INSTRUCTIONS FOR THE TASK ::
Would you reproduce, word for word, only the lines running from the top of the data through the line containing "Acrylic Beads, Rondelle, Faceted, Fuchsia, 12mm", and none of the pictures?

Data excerpts:
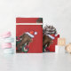Animal Parade Mastodon appelé Thelma est tout décoré pour Noël avec un chapeau de Père Noël et des couronnes saintes contre un arrière - plan rouge de Noël texturé. Elle est sûre d'apporter des sourires cette saison des fêtes ! Découvrir vos couloirs avec des animaux de la Parade Animale colorée et festive qui vont et viennent. Ho, ho, ho !
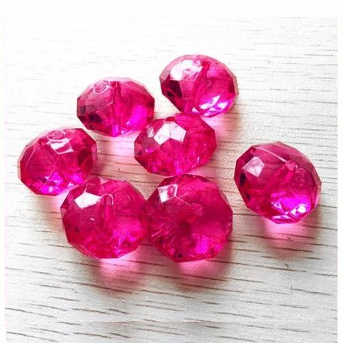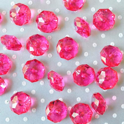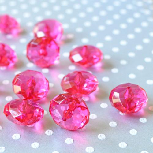 Acrylic Beads, Rondelle, Faceted, Fuchsia, 12mm
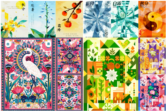 作品题材丰富多元,涵盖民俗文化、城市印象、情感表达等多个领域;创作形式灵活多样,既有传统手绘插画的细腻质感,也有数字绘画的鲜明张力,充分展现了员工们扎实的专业功底和丰富的想象力。其中,多件作品呈现出传统文化与现代设计的融合创新特质。例如:《非遗·二十四节气》主题方向,以精准的视觉语言重构传统民俗符号,成为课程文化育人目标的典型实践成果。
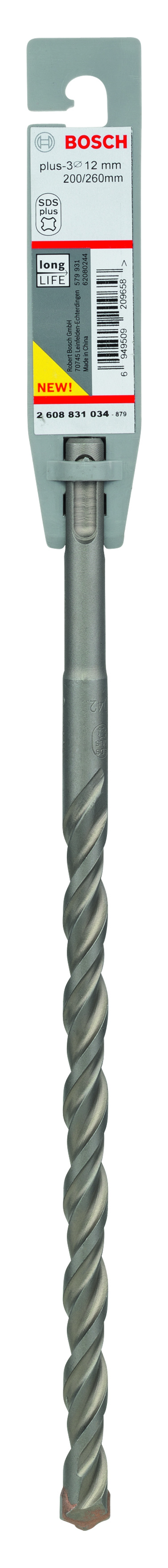 Emballage: 1Marque: BoschRéférence: 2608831034EAN: 6949509209658Description: Foret SDS-Plus-3, pour perforateur 12 x 200 x 260 mm
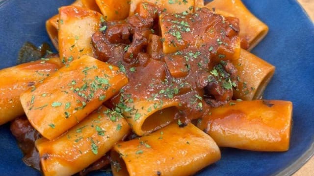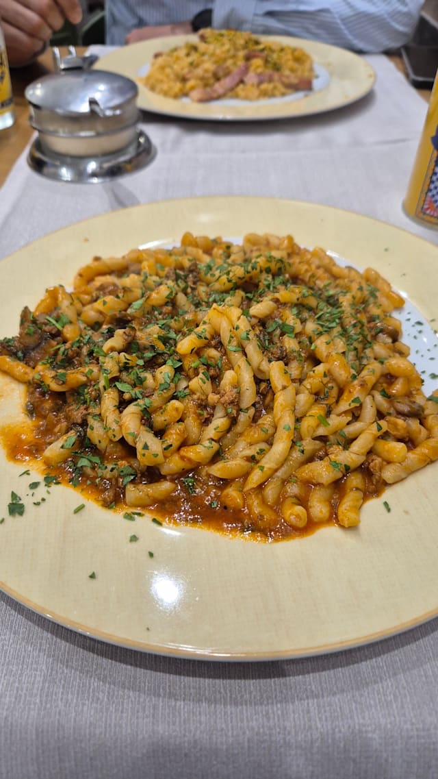 Pasta fresca con ragù di salsiccia, funghi e finocchietto di montagna

EXERCISE SOLUTION ::
Animal Parade Mastodon appelé Thelma est tout décoré pour Noël avec un chapeau de Père Noël et des couronnes saintes contre un arrière - plan rouge de Noël texturé. Elle est sûre d'apporter des sourires cette saison des fêtes ! Découvrir vos couloirs avec des animaux de la Parade Animale colorée et festive qui vont et viennent. Ho, ho, ho !
 Acrylic Beads, Rondelle, Faceted, Fuchsia, 12mm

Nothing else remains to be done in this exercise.